Science

Bringing personalised medicine to citizens

As a Joint Undertaking between the EU and the pharmaceutical industry association EFPIA, the Innovative Medicines Initiative (IMI) is Europe’s largest public private initiative. With a €2bn budget, it aims to speed up the development of better and safer medicines for patients by supporting collaborative research projects and building networks of industrial and academic experts in order to boost pharmaceutical innovation in Europe.

The IMI is headed by executive director Joint Undertaking , Professor of Immunology at the Faculty of Medicine of the Université Libre de Bruxelles in Belgium. He outlines the obstacles to personalised medicine, his thoughts on the FET Flagship Human Brain Project and the evolution of the public private initiative.

What are the biggest barriers to personalised medicine and what changes are necessary for personalised medicine to become a success in Europe’s healthcare systems?

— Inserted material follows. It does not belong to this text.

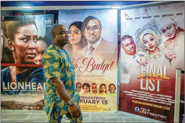
Nigeria has a thriving entertainment industry, but many of its stars and workers struggle to earn money.

LAGOS—Fake eyelashes fluttered, bespoke suits were on display and slick music videos played at the inaugural edition of The Entertainment Fair and Festival in Nigeria’s economic hub Lagos in late November. But behind the glitter, the reality of the film and music sectors in Africa’s most populous nation can often be far less glamorous: wages are low, there are no social protections and copyright law is rarely enforced. That comes despite the country boasting the second most productive film industry in the world and some of Africa’s biggest pop stars. Hits by singers like Burna Boy, Wizkid and Davido play non-stop on stations across the continent and Nollywood churns out some 2,500 movies each year. Despite the successes, revenues from Nigeria’s entertainment and media sector in 2018 lagged well behind that of the continent’s other leading economic powerhouse South Africa at $4.5 billion compared to $9.1 billion, PwC said. —AFP ■

There are a series of barriers facing the successful development and implementation of personalised medicine and these do not just occur in Europe. The first of these hurdles is scientific in nature, in that it is of fundamental importance that we generate a much better understanding of the molecular basis of disease – in the current system we still classify diseases by the names of the clinicians who made the initial description, but this does not tell you anything about the molecular basis of Alzheimer’s or Parkinson’s, for instance. What this comes down to is the very real need for a new taxonomy of disease.

Once this new nomenclature has been developed, it will then be necessary to identify biomarkers in order to use this taxonomy and thus classify patients. What is more, these biomarkers must then be agreed upon by the relevant regulatory agency.

The creation of a new system of disease classification is already underway at the Innovative Medicines Initiative, where we have begun to develop a taxonomy of asthma, and we plan to do the same for Type 2 diabetes, rheumatoid arthritis, and Alzheimer’s.

Thus, the scientific challenges facing personalised medicine could be summed up as: understand the disease; classify the patient; and develop the biomarkers.

It is then that the regulatory challenges will come in to play, because if new classifications and biomarkers have been developed and identified, it is then necessary for the regulator to accept them, and, moreover, to consider them in their own decisions.

The regulators need to agree that a drug is appropriate for a particular subset of patients for this new classification of disease for instance, and, indeed, they will need to agree that a specific biomarker, if it is positive, will give the green light for the drugs in question.

It is not enough to just have the science in place; the regulators must also embrace the concept.

Once these things have been achieved, the unavoidable economic challenges must then be faced; even if a new drug has been accepted by the regulators as having a good profile, it must then be funded.

As such, it is necessary to consider the approaches taken by financers, and a way in which this could be done is through a re-visiting of the way drugs access the market, perhaps via new forms of drug adaptive licensing.

In addition to the scientific, the regulatory and the economical, the implementation of personalised medicine will also face cultural challenges, and, in this sense, it will be necessary to foster a paradigm shift in the way in which many stakeholders view the drug development process; they need to realise that things are evolving, and that does not only relate to the way in which science is progressing, but also the way healthcare is organised, and so this requires a change in the mindset in order to foster an increasing amount of collaboration.

What are your views on the FET Human Brain Project and what are your hopes for personalised medicine generally?

The Human Brain Project is very important for the future of medicine in a very general sense, not least for the way in which it will enable us to learn so much more about the brain and the way it works and, by extension, about the ways in which drugs act on the brain.

Brain disease is a significant focus of the work that we do at the IMI, and we certainly hope to take advantage of the Human Brain FET flagship project by working collaboratively with those involved.

It is also of crucial importance that such large and long-term projects as this are being developed in Europe because they will play a fundamental part of what is needed to build the science I have referred to already, and thus will help to further the implementation of a truly personalised medicine.

How will the IMI continue to work towards the successful development and implementation of personalised medicine?

The IMI’s most recent call for proposals specifically addresses the issue of the taxonomy of disease, generating new classifications for Alzheimer’s, Parkinson’s, rheumatoid arthritis and lupus, and we plan to launch a huge project on induced pluripotent stem cells. The idea here is to use stem cells from patients to reproduce the disease process and, from there, to test new therapies which will be tailored to the needs of the different forms of the disease.

Public private partnerships are an ideal tool for driving the development of personalised medicines in diverse areas. How would you like to see the EU focus on this type of partnership evolve?

In Europe, I believe that we now have a strong basis for PPPs to continue, but there is more that can be done, and I hope that we can also come to do even more for SMEs and develop an even more patient-centric approach to medicine.

This will mean that a greater emphasis will need to be placed on the role of patients, care givers, and healthcare organisations, whilst also ensuring a strong collaboration with regulators.